Just as a data point, there are languages where it is totally normal to perform method dispatch on the first argument to (what looks like) a free function. R’s “S3” and “S4” object systems are probably the most prominent examples. (From the user-of-object-libraries-someone-else-wrote perspective, the main difference is that in S4 you can have multiple dispatch on arbitrary combinations of arguments.)

It should be said that R is a functional language at heart and these “object systems” might be better described as “dynamically typed, runtime dispatched generic function systems”. But Rust is also much more about the generic functions than the class hierarchies, so maybe the shoe fits?

Methods are a special case of functions as they have a designated main receiver. Which is the main receiver in a symmetric binary function? IMO, it simply is incorrect to allow the main.method(secondary_arguments) syntax for all functions. For instance, a.max(b) doesn’t make sense to me and shouldn’t be allowed.

Before anyone else mentions, yes, I’m aware of Rust’s design of binary Ops and some iterator combinators that already violate this. I still find it weird that Rust has a.zip(b). Btw, there is a proposal to add the functional form to the prelude.

Other behaviors that method syntax allows such as implicit autoderef are IMO a separate concern. We can debate separately if we want to extend that somehow to regular arguments and other places that might benefit from it.

Only if you assign them this meaning. For example I implement some functions as trait methods just because trait methods allows me to specialize them, or some functions as type methods because that allows me to overload them. Nothing more, nothing less.
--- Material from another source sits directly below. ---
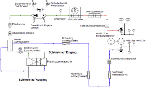 Eine Bereifung bzw. Eisbildung hat wiederum Leistungseinbußen zur Folge. Aus diesem Grund ist eine Abtaueinrichtung erforderlich, die hier über einen 10 000-Liter-Warmsole-Vorratsspeicher realisiert wird. Die Enthitzungswärme des Verdichtungsprozesses wird in den Warmsole-Vorratsspeicher geführt. Das Kältemittel strömt mit einer Druckgastemperatur von ca. +50 °C in den Enthitzer. Gleichzeitig strömt die hergeführte Sole mit einer Vorlauftemperatur von 20 °C durch den Enthitzer. Die Sole nimmt diese Wärmeenergie auf und kann so mit einer Rücklauftemperatur von etwa 30 °C den Warmsole-Vorratsspeicher erhitzen. Ebenso wie beim Plattenwärmeübertrager findet eine Wärmeübertragung statt. Das Kältemittel wird enthitzt und verlässt den Enthitzer mit einer Temperatur von +15 °C. Dieses gibt dann im Verflüssiger weitere Wärmeenergie an die Umgebung ab, bis es schließlich in flüssiger Form vorliegt.

We also treat the receiver differently in a number of ways - autoreferencing & dereferencing, lifetime elision, etc. It doesn’t make sense to me for us to allow method syntax for a function in which these properties don’t hold for the ‘psuedo-receiver.’

1 Like

Sure. I can see why it could be a bad idea to treat the first argument of a free function this way, but:

  • why can't all arguments be treated this way?

  • why can't the first argument of a free function be treated this way when using with method syntax only?

Anyhow, I do not think being able to call free functions as methods in rust would really add that much to the language since type/trait methods are more powerful, but being able to call trait methods as free functions when they are in scope would be nice (and if both a trait method and a free function that match are in scope I just expect an ambiguity error and having to manually qualify what i mean).